Friday, July 06, 2007

Who Has The Administration's Ear

Money talks, and when it does, this administration listens. Today's NY Times gives a perfect example of this axiom.

After a concerted lobbying effort by property developers, mine owners and farm groups, the Bush administration scaled back proposed guidelines for enforcing a key Supreme Court ruling governing protected wetlands and streams.

The administration last fall prepared broad new rules for interpreting the decision, handed down by a divided Supreme Court in June 2006, that could have brought thousands of small streams and wetlands under the protection of the Clean Water Act of 1972. The draft guidelines, for example, would allow the government to protect marsh lands and temporary ponds that form during heavy rains if they could potentially affect water quality in a nearby navigable waterway.

But just before the new guidelines were to be issued last September, they were pulled back in the face of objections from lobbyists and lawyers for groups concerned that the rules could lead to federal protection of isolated and insignificant swamps, potholes and ditches.

The Environmental Protection Agency and the Army Corps of Engineers, charged with enforcing the Clean Water Act, finally issued new guidelines last month, which environmental and recreational groups said were much more narrowly drawn.

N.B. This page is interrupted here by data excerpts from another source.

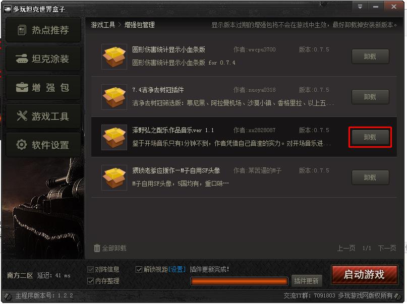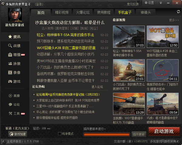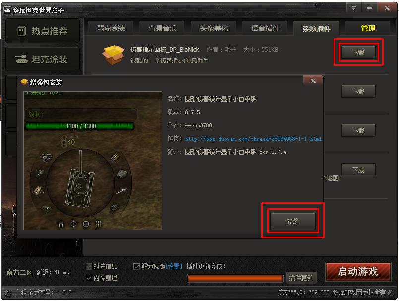 多玩坦克世界盒子主要是讓廣大不會(huì)手動(dòng)安裝插件,涂裝的玩家方便游戲開發(fā)的,對(duì)坦克世界盒子的使用有各種bug或者有好的想法、建議,可加入YY群反饋給我們,這里有坦克盒子的一手信息,讓我們一起打造大家喜愛的好產(chǎn)品。
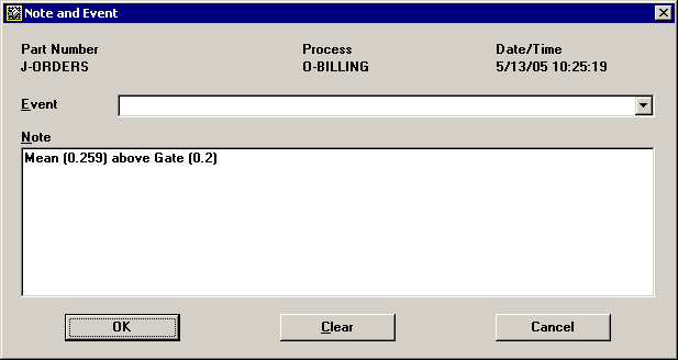 If the defect rate for this inspection record is too high, GainSeeker may display the Note and Event screen automatically.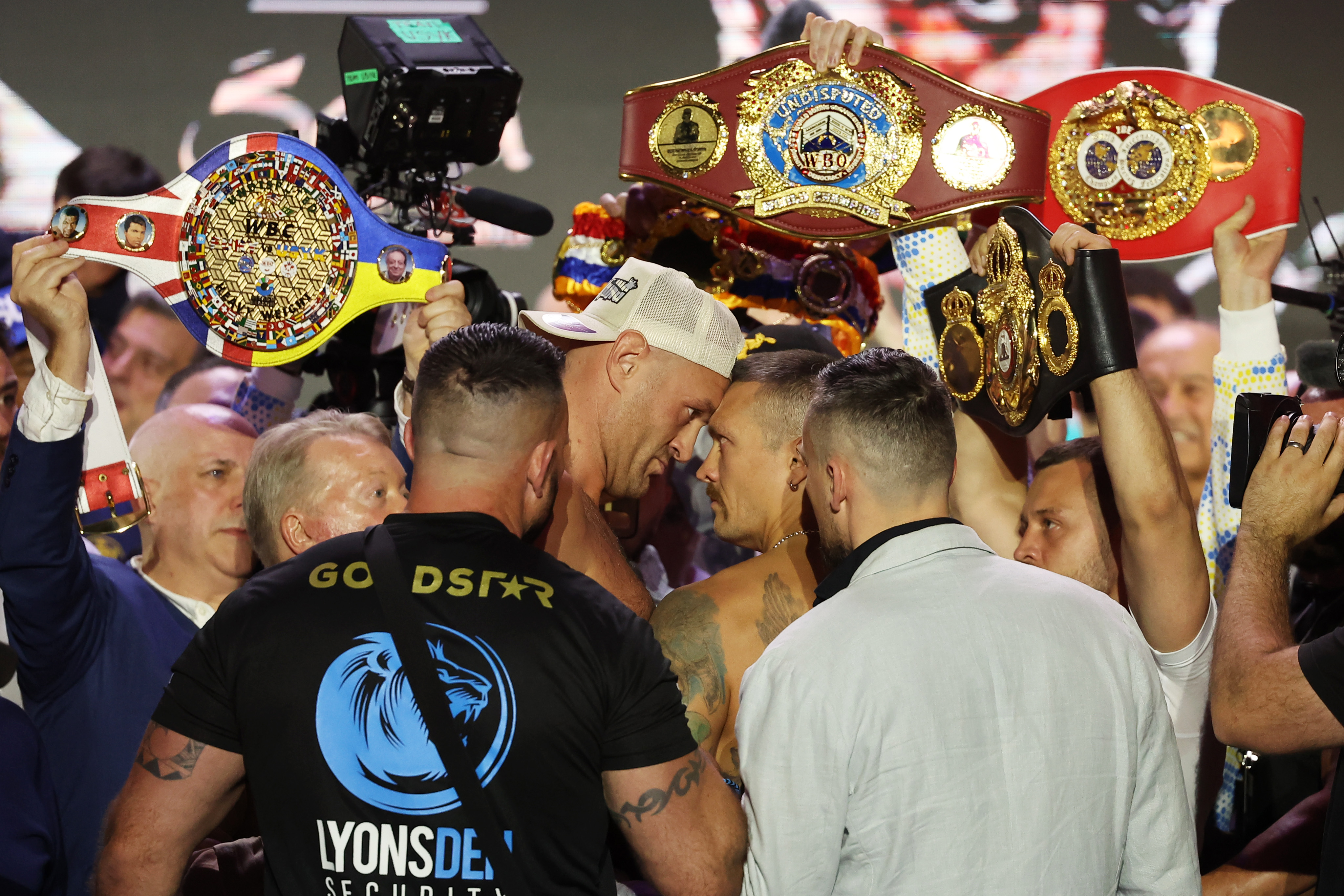 Tyson Fury and Oleksandr Usyk face off after weighing in ahead of the IBF, WBA, WBC and WBO heavyweight titles' fight between Tyson Fury and Oleksandr Usyk during the Ring Of Fire Official weigh-in at BLVD City - Music World on May 17, 2024 in Riyadh, Saudi Arabia. (Photo by Richard Pelham/Getty Images)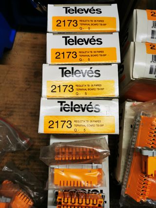 A la venta por unidades o por lotes, regletas de conexión para telefonía básica de 5 y 10 pares cobre trenzado de la marca Televés. Además carátulas identificación para 10 pares. Elementos de conexión con posibilidad de desconexión para realizar medidas hacia ambos lados sin levantar las conexiones. Permite el paso de corriente Entrada-Salida y viceversa. - Regletas de 5 pares. TLV 2173 - Regletas de 10 pares. TLV 2172 - Carátulas identificación 10 pares. TLV 2181.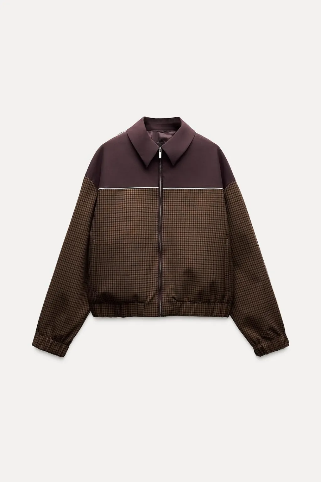 Chaqueta bomber de cuello solapa y manga larga. Falsos bolsillos delanteros de vivo. Acabados elásticos. Cierre frontal con cremallera.
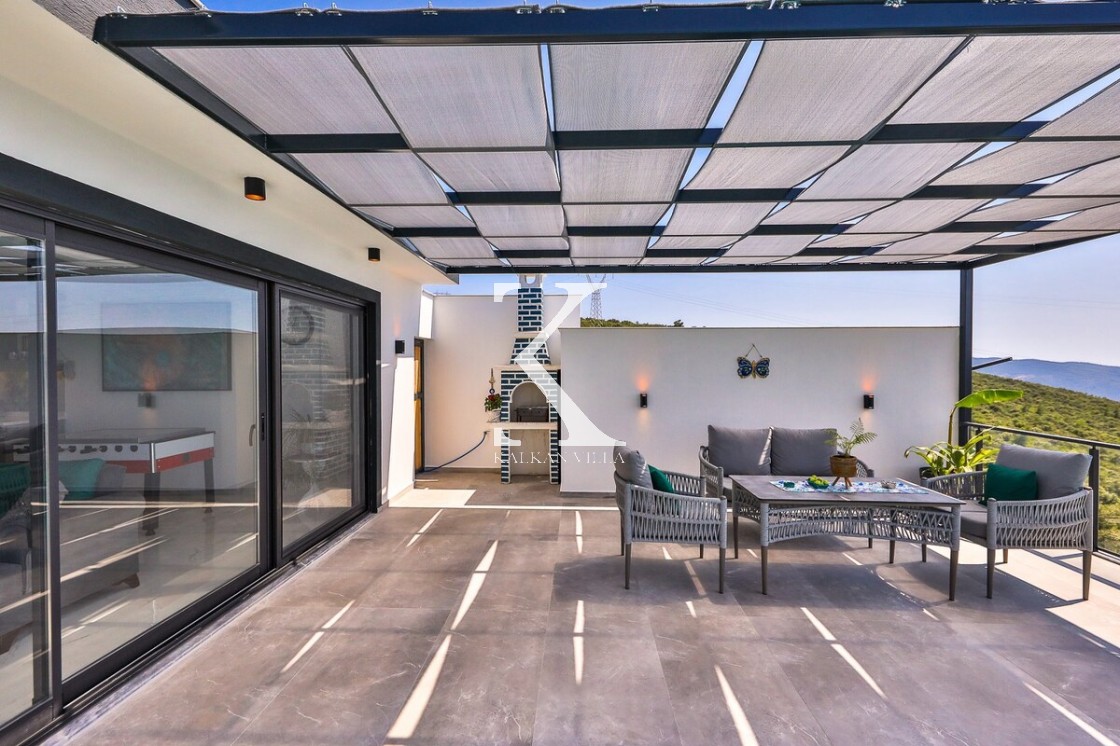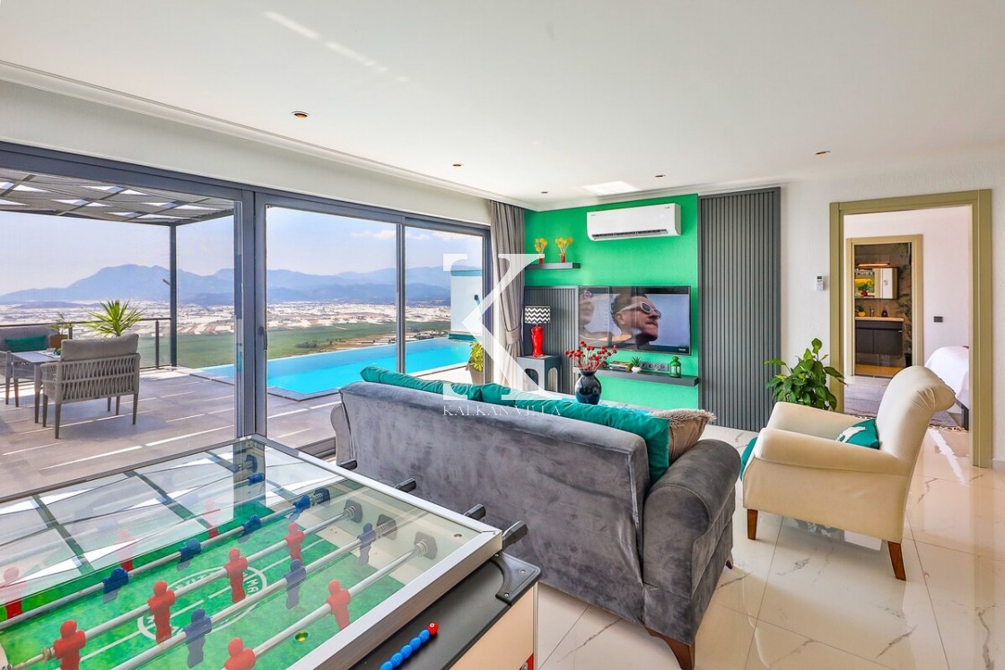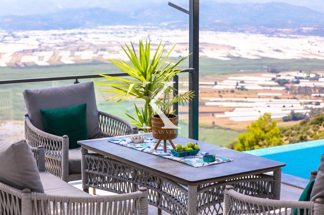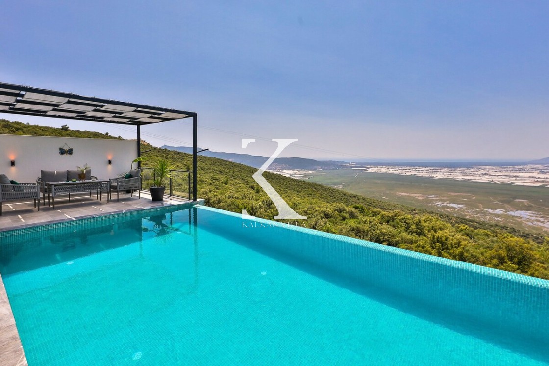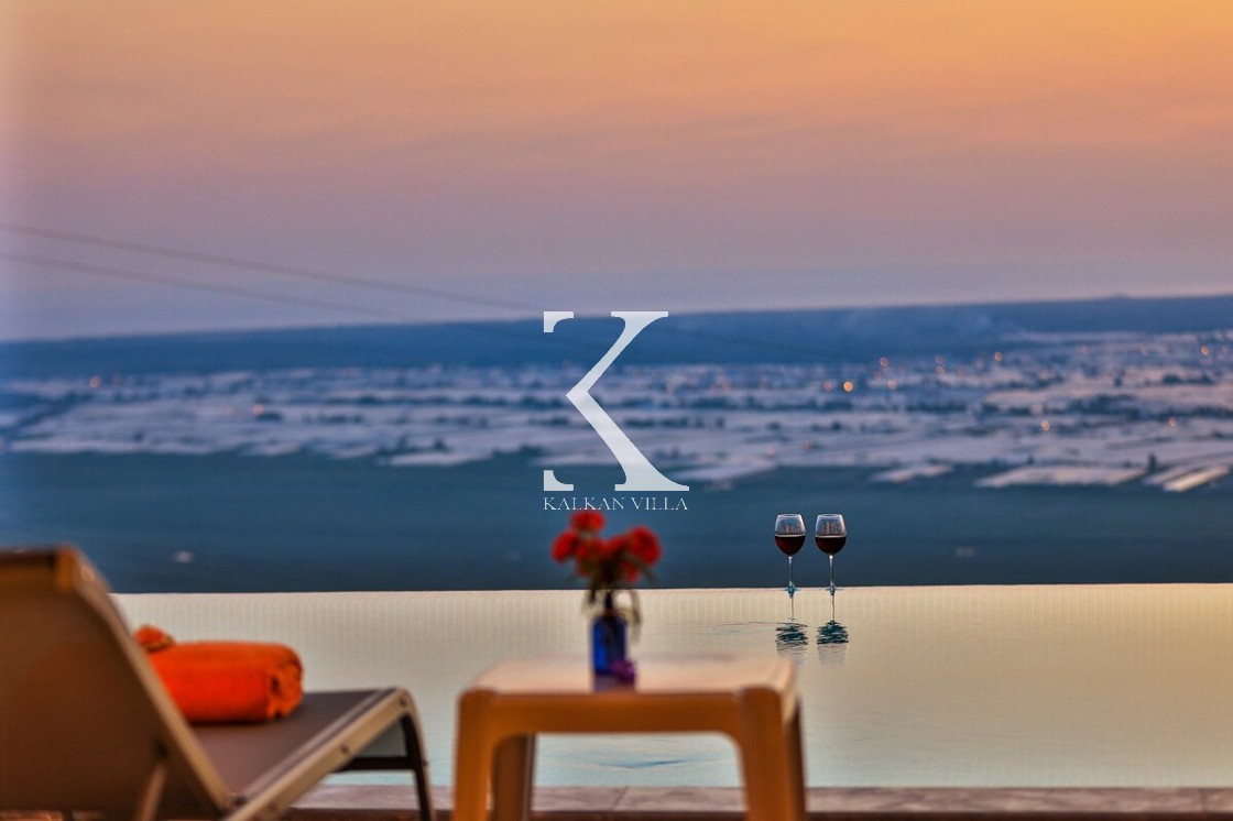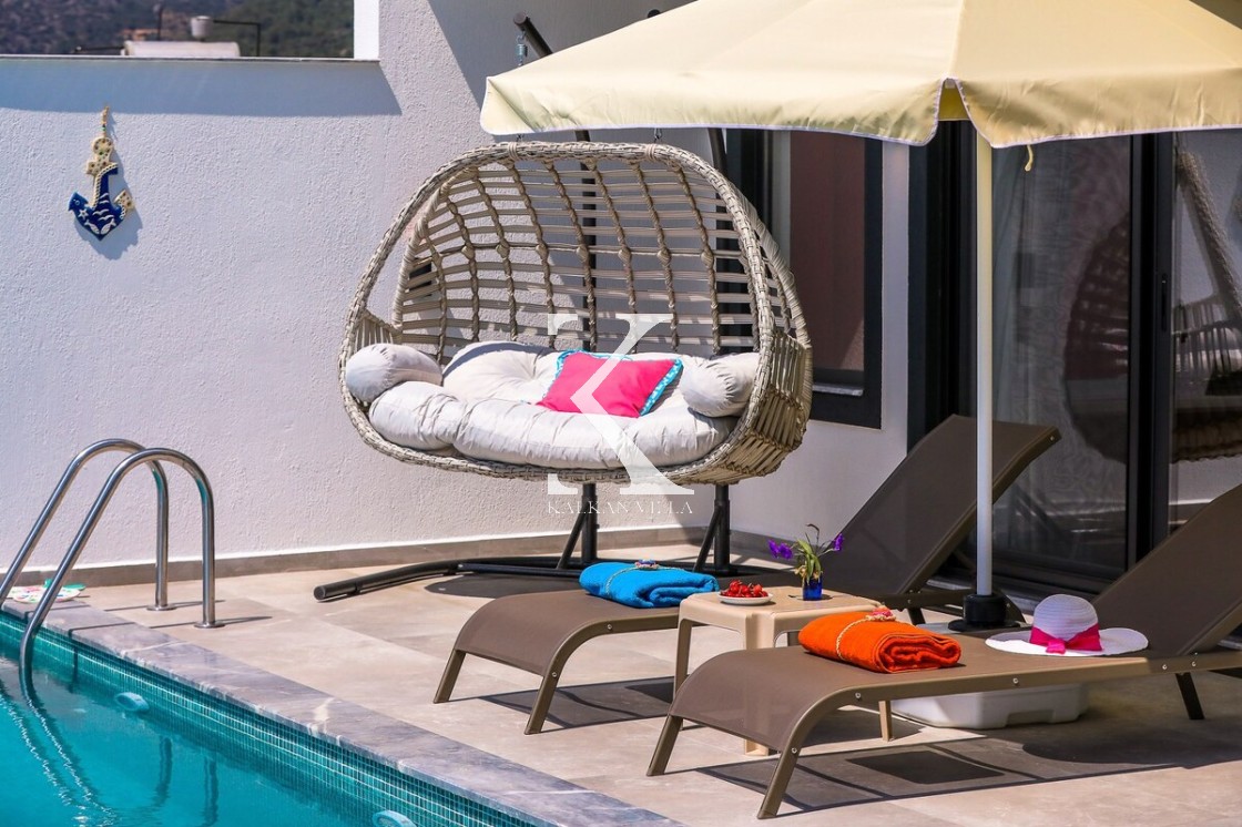 Muhteşem doğa manzarasına sahip villanın bahçesi korunaklıdır. Bu sayede havuz ve bahçe alanı dışarıdan görünmez ve tamamen size özel bir kullanım alanı sağlar. Havuz terasında; serinleyebileceğiniz özel yüzme havuzu, salıncak, manzarayı seyredeceğiniz rahat bir oturma köşesi ve gün batımı eşliğinde yemek yiyebileceğiniz yemek masası yer almaktadır. Konforunuz için özenle dizayn edilen yatak odasında ise jakuzi bulunmaktadır.

These groups argue that the final guidelines will leave thousands of sensitive wetlands and streams unprotected.
[Emphasis added]

The arguments raised by the property developers, National Cattlemen’s Beef Association, and Alliance Coal were specious: no one was seriously arguing that potholes needed to be protected. What the Supreme Court held in that ruling is that the nation's waterways are affected by the smaller systems that ultimately feed into them, and those smaller systems also fell under the Clean Water Act the Bush Administration had been trashing.

But the moneyed interests prevailed, to no one's surprise. And that's a shame, because clean water is in everyone's interest, especially as supplies dwindle.

It's going to be a long eighteen months.